The main addition to hits is the hits_hsps list, which displays key information for each HSP (High-Scoring Segment - while this notation/organization makes sense for BLAST applications, we use it interchangeably for other tool outputs such as those from FASTA, even if only one "HSP" is observed for each hit). Key information provided for each HSP are scores, such as e-values, bit scores, etc. Other important attributes are sequence "from" and "to" ranges that allow us to (re)construct a parwise alignment between the query and hit sequence. Example:

            "hit_hsps": [
                {
                    "hsp_num": 1,
                    "hsp_score": 3142,
                    "hsp_bit_score": 1214.91,
                    "hsp_expect": 0.0,
                    "hsp_align_len": 605,
                    "hsp_identity": 100.0,
                    "hsp_positive": 100.0,
                    "hsp_gaps": 0,
                    "hsp_query_frame": "0",
                    "hsp_hit_frame": "0",
                    "hsp_strand": "none/none",
                    "hsp_query_from": 1,
                    "hsp_query_to": 605,
                    "hsp_hit_from": 1,
                    "hsp_hit_to": 605,
                    "hsp_qseq": "MALRKGGLALALLLLSWV(...)RDLSEAHFAPC",
                    "hsp_mseq": "MALRKGGLALALLLLSWV(...)RDLSEAHFAPC",
                    "hsp_hseq": "MALRKGGLALALLLLSWV(...)RDLSEAHFAPC"
                }
            ]

Validating an output against the SSS JSON schema

Validation an existing JSON can de done by running the Python module jsonschema.

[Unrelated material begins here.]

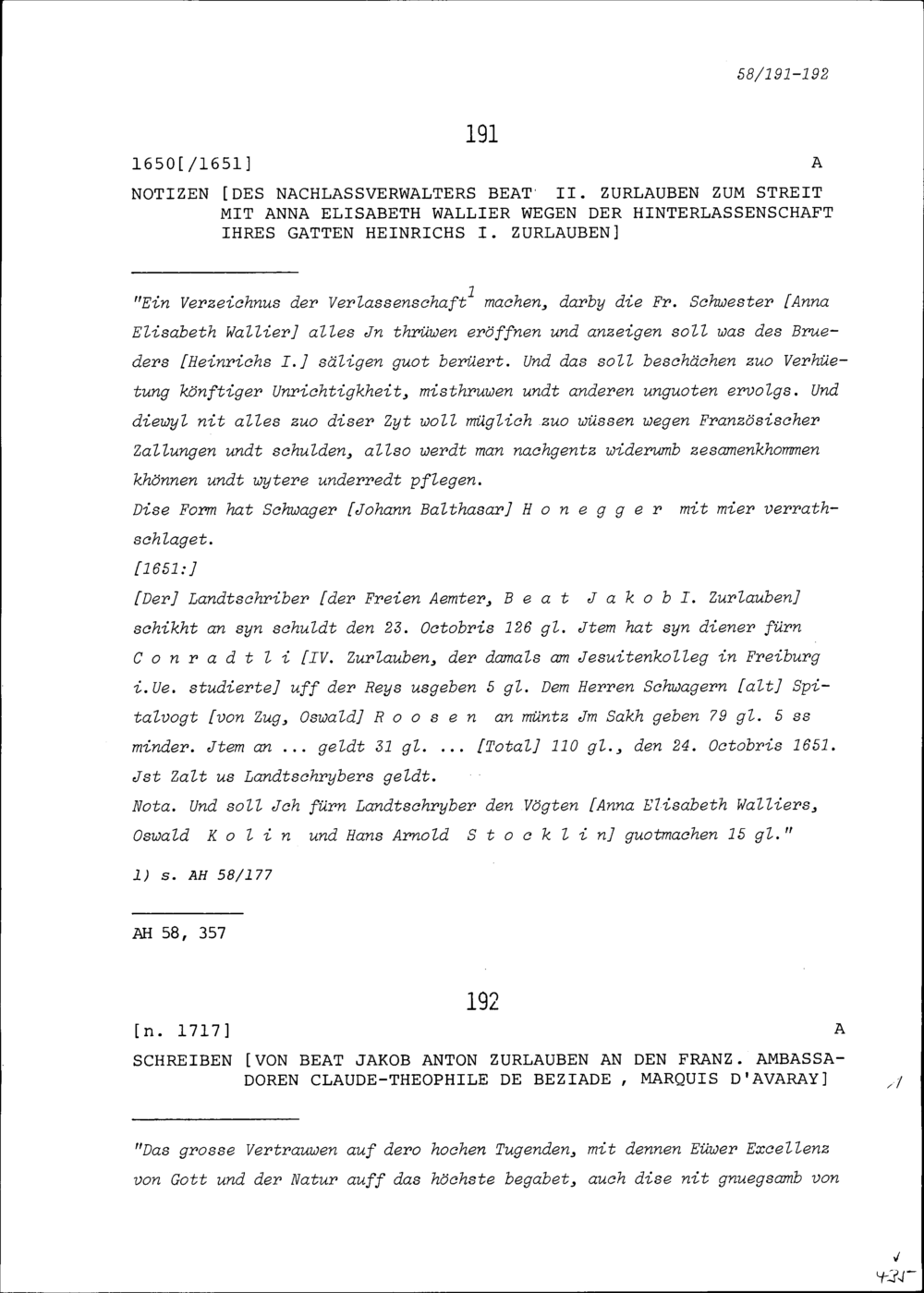 Notiz von Beat II. Zurlauben, Nachlassverwalter, zum Streit mit Anna Elisabeth Wallier...

jsonschema --validator Draft7Validator -i example_blastp.json sss_schema.json

or alternatively, using the custom Python script provided:

python validate_sss_json_schema.py sss_schema.json example_fasta36.json

License

The European Bioinformatics Institute - EMBL-EBI, is an Intergovernmental Organization which, as part of the European Molecular Biology Laboratory family, focuses on research and services in bioinformatics.

Apache License 2.0. See license for details.